Volume 1

Capítulo 8: Início da Guerra

Milhares de pisadas sobre a terra a faziam bramir em leves estrondos. O exército de Acácias marchava a guerra com suas caravanas puxadas por cavalos.

Grande poeira havia sido levantada. Os soldados estavam todos trajados de suas armaduras prateadas. Alguns traziam consigo escudos, outros, um conjunto de flechas e arcos. Palavras eram jogadas ao vento pelos soldados que se assentavam sobre as madeiras das caravanas. Fazia sol intenso, tempo propício para a invasão de um reino.

— Ei, será que vai dar certo? Essa invasão...

— O que foi, Rael? Não me diga que está com medo logo agora!

— Claro que não, Marco! — disse Rael, voltando seus olhos a lâmina da espada que refletia seu rosto inseguro. — É só que... É a primeira vez.

— Para tudo a uma primeira vez! — Marco, que estava ao seu lado, bateu na dele ombreira, causando um leve som quando sua manopla entrou em contato.

Ao passo que, Helena estava sobre um cavalo acastanhado.
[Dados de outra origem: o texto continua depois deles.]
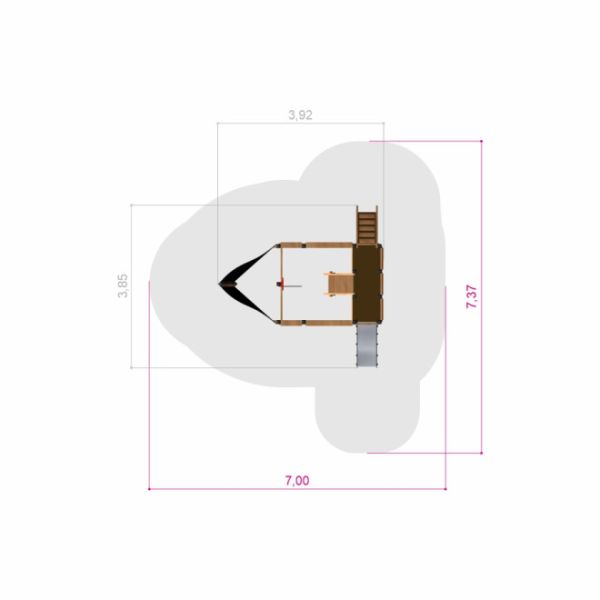 Med en bredde på 395 cm, længde på 386 cm og højde på 216 cm, tilbyder Båden Natur - Legehus med sandkasse og rutsjebane rigelig plads til mange timers leg og udforskning. Legesættets kritiske faldhøjde på 55 cm og krav om sikkerhedszone på 700x737 cm sikrer børnenes sikkerhed under leg.
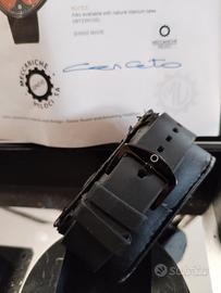 Serie limitata 250 esemplari, set completo, estratto datato febbraio 2025, cassa in titanio dal diametro 44 mm per uno spessore di 15, automatico svizzero Eta Valjoux calibro 7750.

Ao seu lado caminhava o vice-capitão em seu cavalo negro. Seus cavalos andavam lado a lado, num mesmo ritmo.

O cabelo dourado de Helena, como sempre, estava preso por uma presilha prateada. Ela tinha um olhar tão afiado quanto o de uma águia. Observava com precisão o caminho ao qual tinha que percorrer, era um deserto. Faltava muito para que chegassem a Aclasia.

Por outro lado, o vice-capitão Léo, tinha seus olhos castanhos direcionados a Helena. Apreciava sua beleza incomparável. Ele estava quase que hipnotizado.

Percebendo isso, Helena estalou seus dedos, o olhando seriamente.

— Não é hora de se distrair. Para onde olha?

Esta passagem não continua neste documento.